September 6, 2013 | Unregistered Commenteri
Wow- I can only imagine what you're going through. I'm so sorry. I was 35 when we lost our first daughter at full term. Four months later we were surprisingly pregnant again, and gratefully I had a healthy baby when I was 36. My husband and I decided that if something went wrong with a subsequent pregnancy then we would look into adoption. But he really wanted to have a living biological child. The closeness of the pregnancies was hard- more so emotionally-- while I am so happy to have my second daughter, I pushed a lot of sorrow and grief deep down just to make it through the pregnancy and to take care of my baby. I am learning more now how to parent both of my daughters. I agree with you about how that baby needs a home and your home needs a baby- you and your husband are the only ones who can determine if this particular baby is the one for your home now. Personally I wouldn't be able to handle the adoption and caring of a baby if my husband wasn't totally on board with me. Hope this helpful to just know I'm thinking about you, your husband, and Julianna.

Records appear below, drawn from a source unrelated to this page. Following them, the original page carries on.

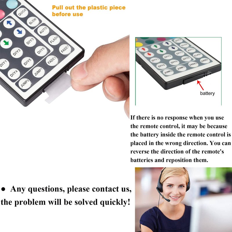 - 【KINDLY REMINDER】① Pull out the plastic cover on the buttom of remote before use. ② Connect box output port with led strip (arrows marks between control box and strip connector should be on same position). ③ Remote should be aimed at the ir receiver and without any obstacles.④ Indoor use only, keep away from water.
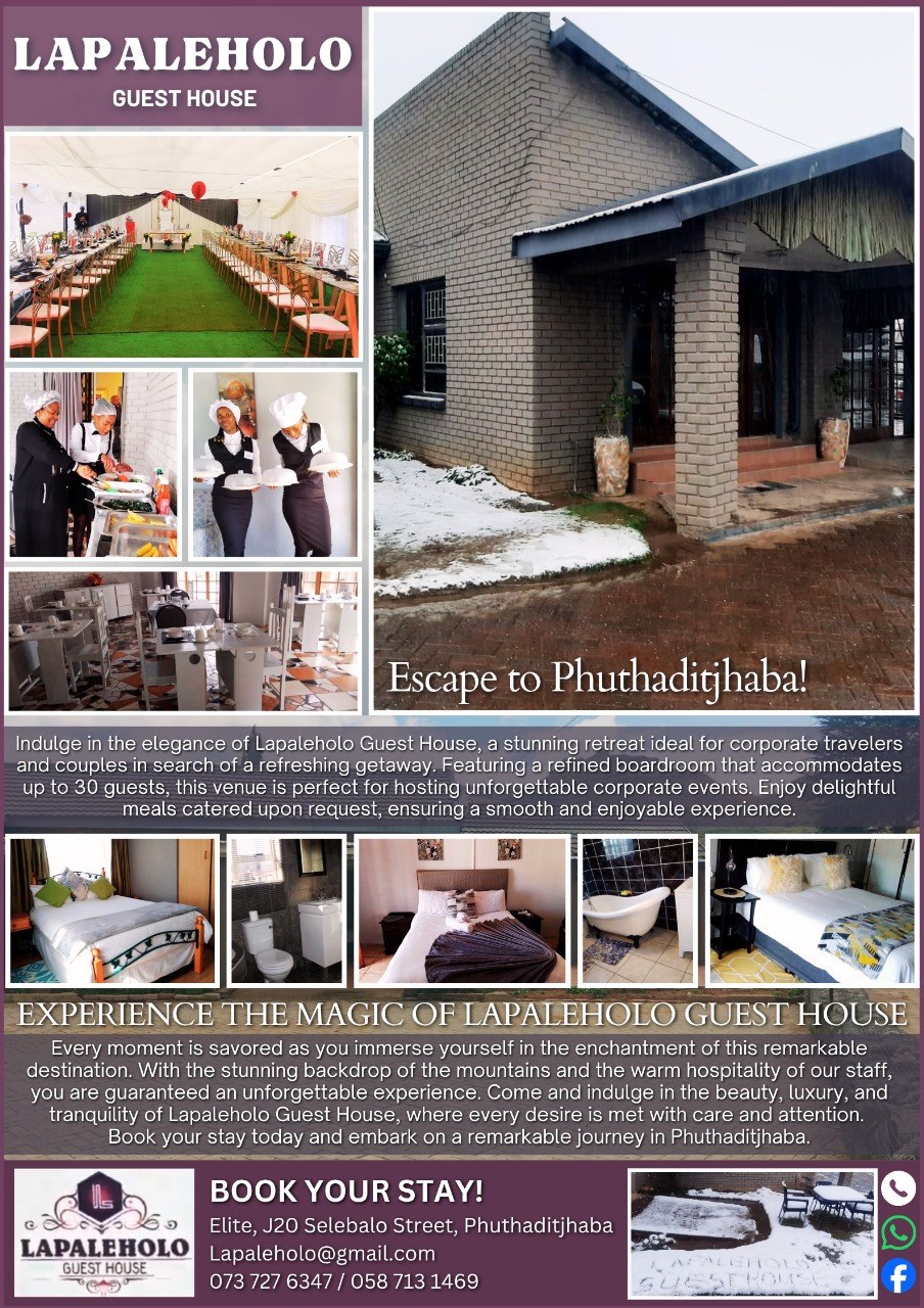 Welcome to Lapaleholo Guest House, your cherished home away from home in the captivating town of Phuthaditjhaba, nestled in the picturesque Free State province of South Africa. Surrounded by the majestic Drakensberg Mountains and enchanting Maluti Mountains, Phuthaditjhaba is a true gem waiting to be explored, especially when it is snowing! – Lapaleholo Guest House is your perfect haven in this breathtaking setting.
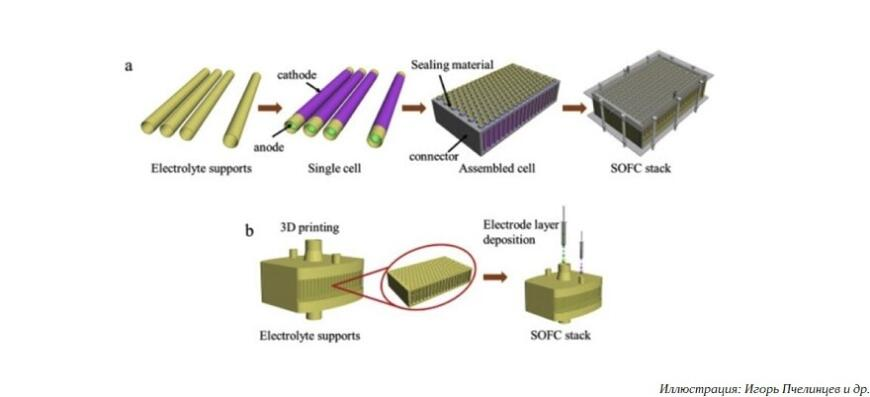 Cấu trúc chính xác là khía cạnh mà các tác giả của nghiên cứu Skoltech đã nghiên cứu. Họ làm đồ gốm từ hai vật liệu phổ biến dưới dạng cấu trúc mạng lưới phân cấp. Loại hình học phức tạp này làm tăng độ dẫn ion; nó không thể có được nếu không có máy in 3D. Vật liệu được sử dụng là zirconi được ổn định bằng oxit scandium hoặc oxit yttrium. Tùy chọn đầu tiên phù hợp với pin nhiên liệu có nhiệt độ hoạt động là một nghìn độ C, tùy chọn thứ hai - 750 độ.

September 6, 2013 | Unregistered CommenterSapphira
I can't really offer much advice but I can see meeting her just to see how both you and your husband respond to her and the thought of raising her. Maybe then you will feel in your gut whatever is the right decision for you both. I am so sorry for your loss. I hope you find joy again in your life with a family one way or another, though Julianna will always be in your hearts.